What to do: Reproduce the listing exactly and skip over any pictures.
****************************************
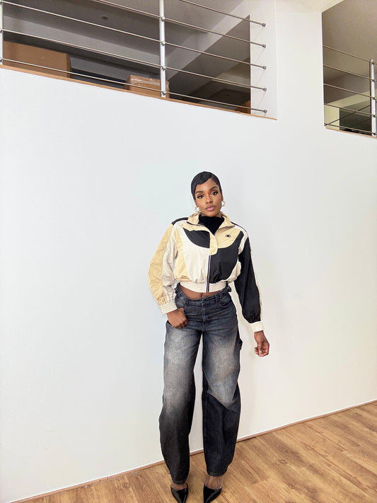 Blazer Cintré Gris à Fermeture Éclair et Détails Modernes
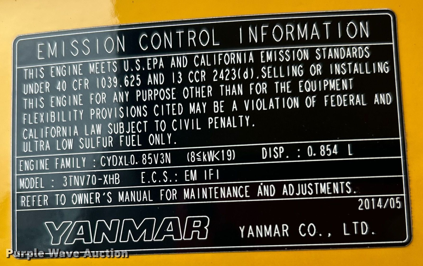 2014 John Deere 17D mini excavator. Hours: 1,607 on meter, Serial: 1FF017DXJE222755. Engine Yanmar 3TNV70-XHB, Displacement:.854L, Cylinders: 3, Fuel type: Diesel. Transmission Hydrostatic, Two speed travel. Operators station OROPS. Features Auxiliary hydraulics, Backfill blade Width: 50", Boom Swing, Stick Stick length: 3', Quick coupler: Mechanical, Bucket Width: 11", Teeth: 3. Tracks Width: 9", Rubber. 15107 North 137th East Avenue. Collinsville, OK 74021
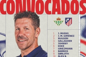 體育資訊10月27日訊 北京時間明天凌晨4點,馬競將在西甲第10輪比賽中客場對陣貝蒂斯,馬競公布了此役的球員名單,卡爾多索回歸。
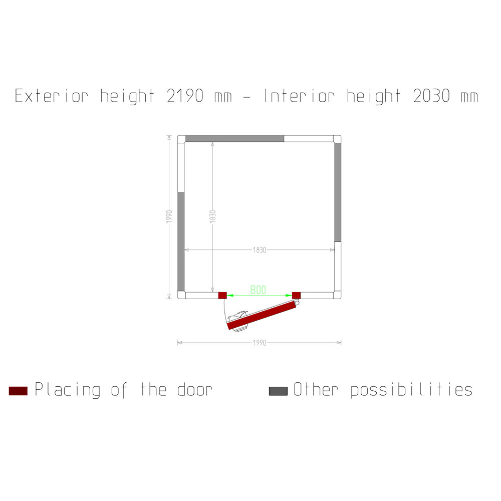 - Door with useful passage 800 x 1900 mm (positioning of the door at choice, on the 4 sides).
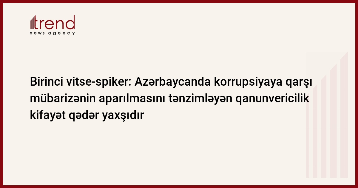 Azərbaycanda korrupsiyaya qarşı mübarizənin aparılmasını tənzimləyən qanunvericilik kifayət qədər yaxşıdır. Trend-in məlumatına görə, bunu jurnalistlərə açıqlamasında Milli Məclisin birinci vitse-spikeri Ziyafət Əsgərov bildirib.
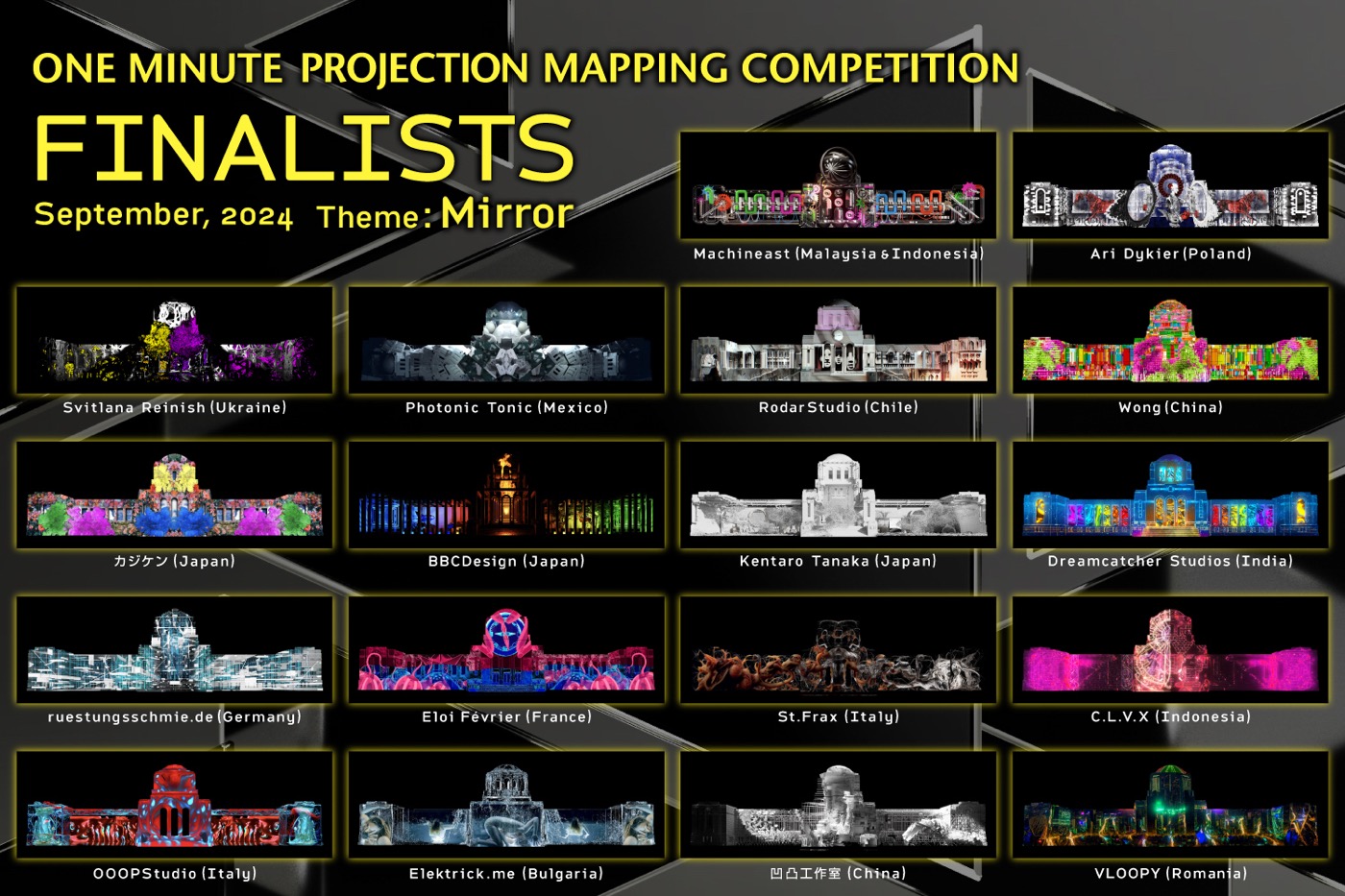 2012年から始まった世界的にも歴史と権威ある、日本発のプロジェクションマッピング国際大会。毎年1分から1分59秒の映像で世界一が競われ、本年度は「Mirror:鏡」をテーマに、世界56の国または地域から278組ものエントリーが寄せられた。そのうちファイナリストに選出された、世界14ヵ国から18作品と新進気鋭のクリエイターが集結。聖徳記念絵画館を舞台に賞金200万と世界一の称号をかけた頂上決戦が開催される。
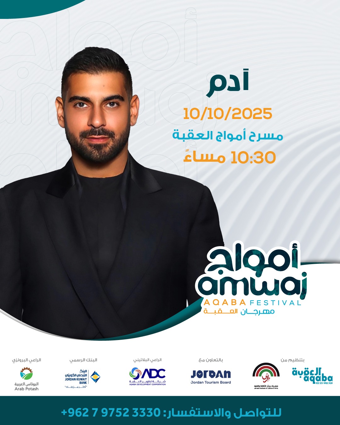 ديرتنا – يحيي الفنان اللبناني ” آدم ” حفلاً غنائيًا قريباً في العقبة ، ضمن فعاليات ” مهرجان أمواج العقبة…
****************************************
Result of this exercise:
 Blazer Cintré Gris à Fermeture Éclair et Détails Modernes
 2014 John Deere 17D mini excavator. Hours: 1,607 on meter, Serial: 1FF017DXJE222755. Engine Yanmar 3TNV70-XHB, Displacement:.854L, Cylinders: 3, Fuel type: Diesel. Transmission Hydrostatic, Two speed travel. Operators station OROPS. Features Auxiliary hydraulics, Backfill blade Width: 50", Boom Swing, Stick Stick length: 3', Quick coupler: Mechanical, Bucket Width: 11", Teeth: 3. Tracks Width: 9", Rubber. 15107 North 137th East Avenue. Collinsville, OK 74021
 體育資訊10月27日訊 北京時間明天凌晨4點,馬競將在西甲第10輪比賽中客場對陣貝蒂斯,馬競公布了此役的球員名單,卡爾多索回歸。
 - Door with useful passage 800 x 1900 mm (positioning of the door at choice, on the 4 sides).
 Azərbaycanda korrupsiyaya qarşı mübarizənin aparılmasını tənzimləyən qanunvericilik kifayət qədər yaxşıdır. Trend-in məlumatına görə, bunu jurnalistlərə açıqlamasında Milli Məclisin birinci vitse-spikeri Ziyafət Əsgərov bildirib.
 2012年から始まった世界的にも歴史と権威ある、日本発のプロジェクションマッピング国際大会。毎年1分から1分59秒の映像で世界一が競われ、本年度は「Mirror:鏡」をテーマに、世界56の国または地域から278組ものエントリーが寄せられた。そのうちファイナリストに選出された、世界14ヵ国から18作品と新進気鋭のクリエイターが集結。聖徳記念絵画館を舞台に賞金200万と世界一の称号をかけた頂上決戦が開催される。
 ديرتنا – يحيي الفنان اللبناني ” آدم ” حفلاً غنائيًا قريباً في العقبة ، ضمن فعاليات ” مهرجان أمواج العقبة…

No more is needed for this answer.